▶ [GIVEN DATA]

========

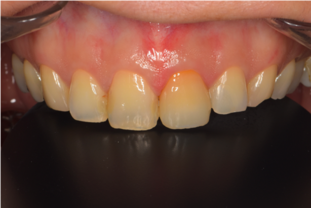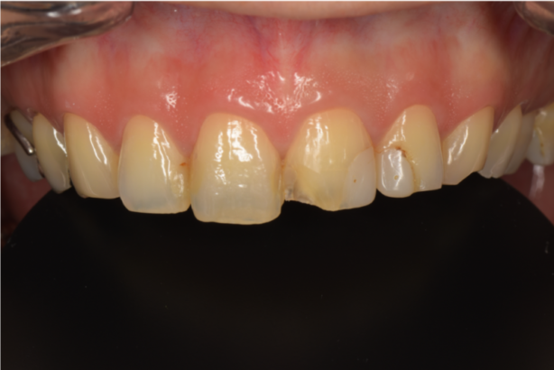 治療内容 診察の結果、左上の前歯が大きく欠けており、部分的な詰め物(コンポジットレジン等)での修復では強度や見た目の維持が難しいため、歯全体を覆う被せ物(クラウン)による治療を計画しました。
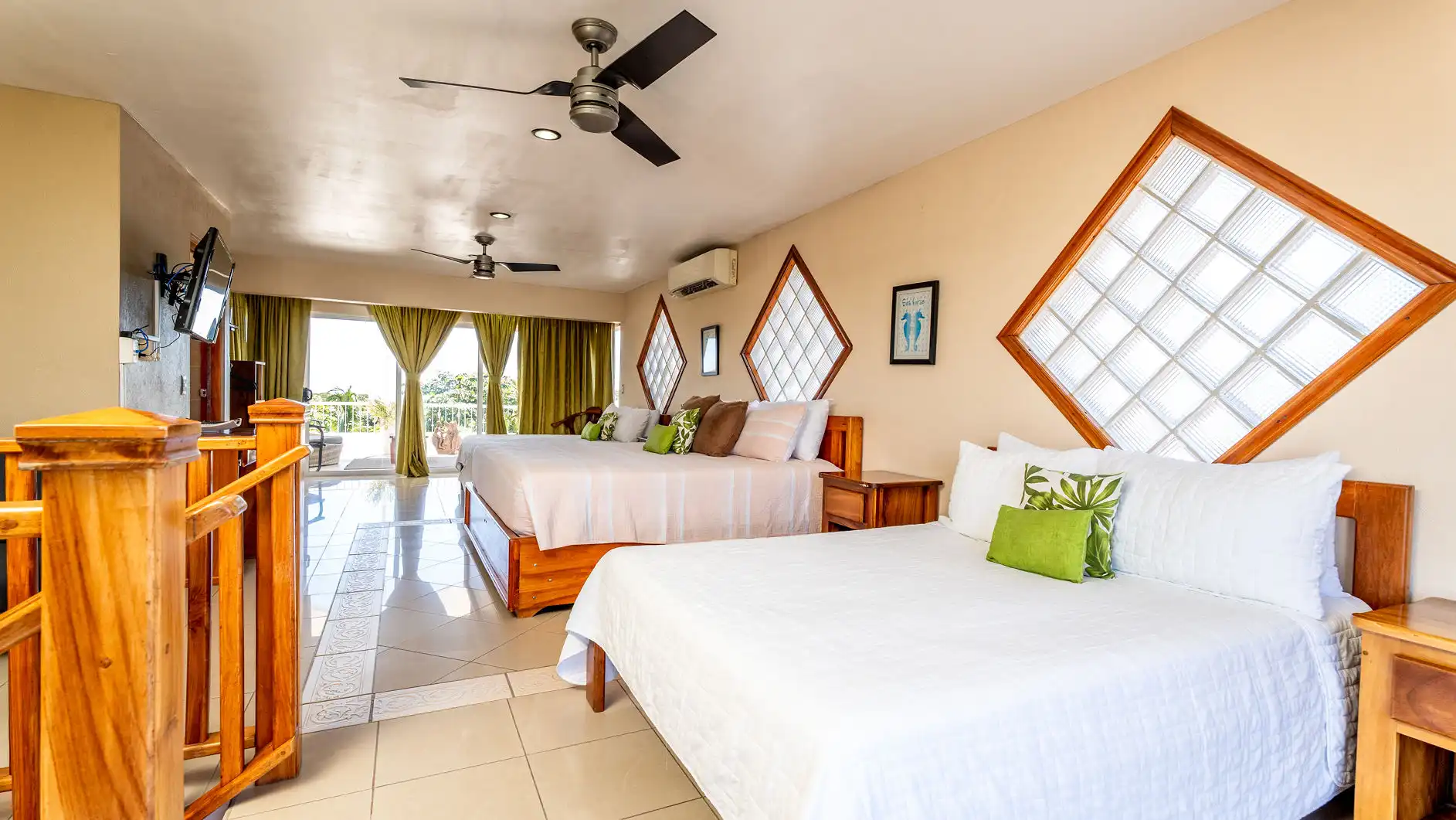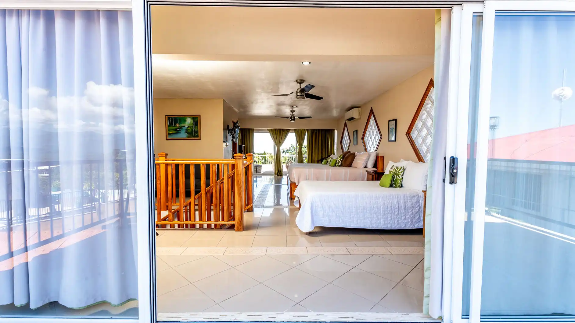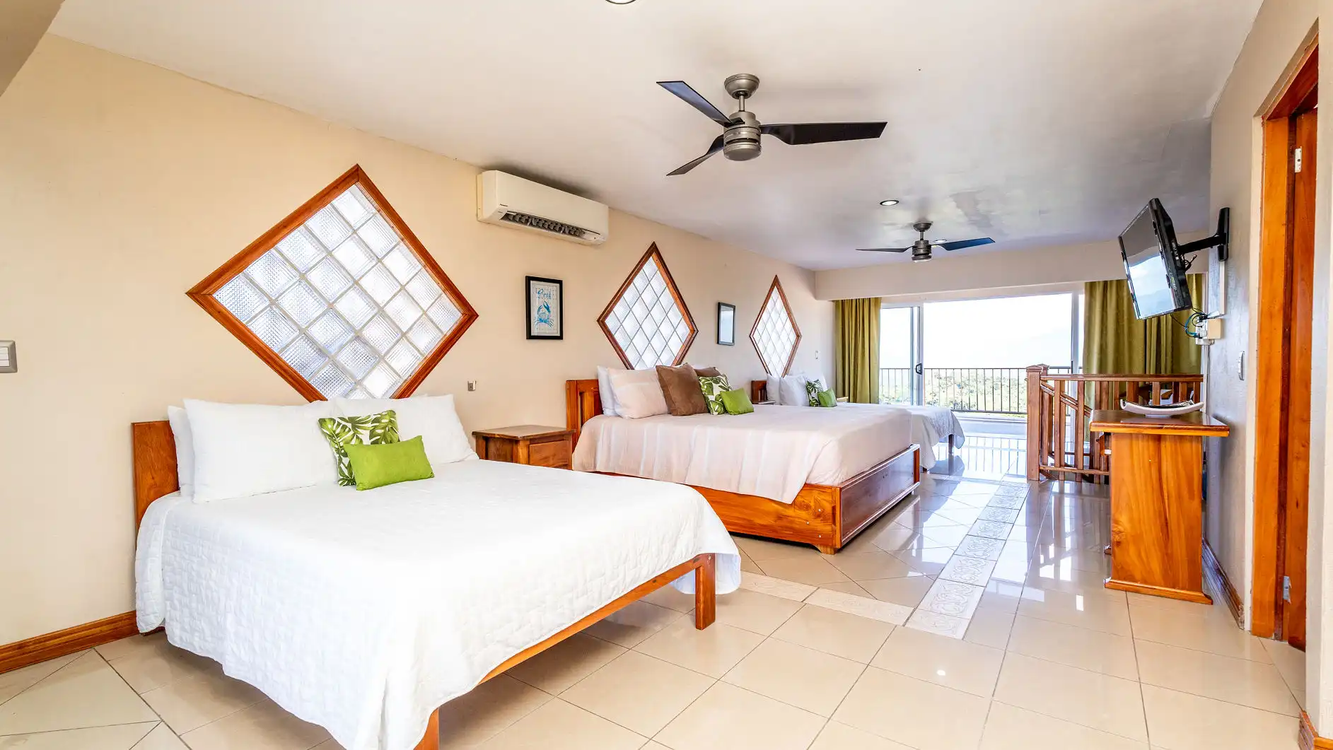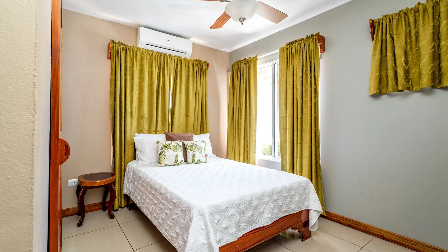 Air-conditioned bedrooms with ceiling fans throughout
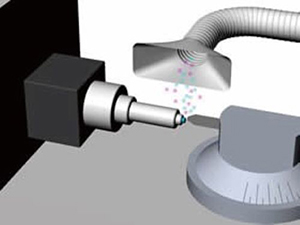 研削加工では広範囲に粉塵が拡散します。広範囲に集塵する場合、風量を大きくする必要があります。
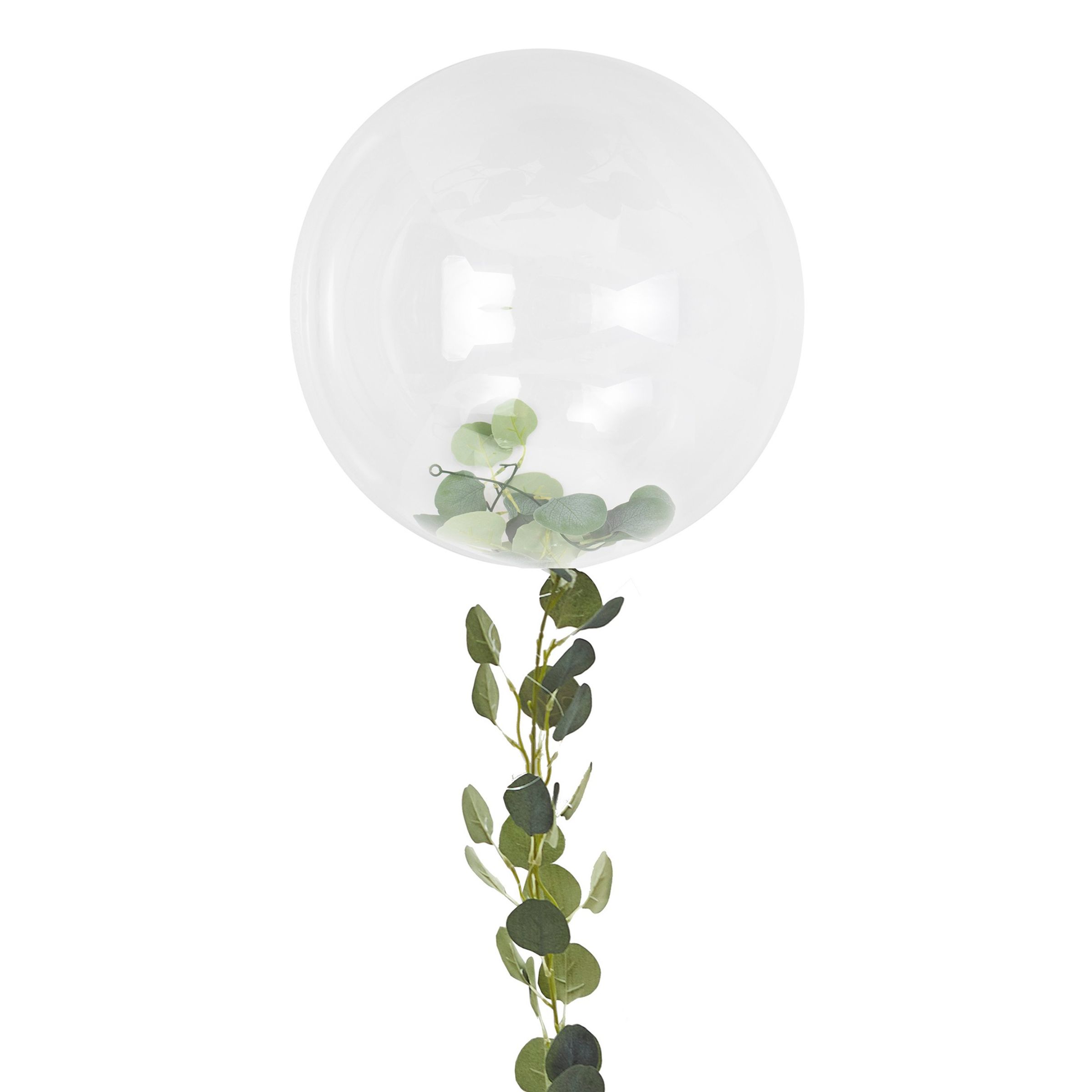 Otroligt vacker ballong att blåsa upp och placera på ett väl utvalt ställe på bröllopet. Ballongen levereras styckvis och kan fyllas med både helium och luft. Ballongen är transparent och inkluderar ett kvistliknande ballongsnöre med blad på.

========

▶ [TRY IT] This exercise calls for the complete listing, returned exactly and without images.

▶ [RESPONSE AREA]
 治療内容 診察の結果、左上の前歯が大きく欠けており、部分的な詰め物(コンポジットレジン等)での修復では強度や見た目の維持が難しいため、歯全体を覆う被せ物(クラウン)による治療を計画しました。
 Air-conditioned bedrooms with ceiling fans throughout
 研削加工では広範囲に粉塵が拡散します。広範囲に集塵する場合、風量を大きくする必要があります。
 Otroligt vacker ballong att blåsa upp och placera på ett väl utvalt ställe på bröllopet. Ballongen levereras styckvis och kan fyllas med både helium och luft. Ballongen är transparent och inkluderar ett kvistliknande ballongsnöre med blad på.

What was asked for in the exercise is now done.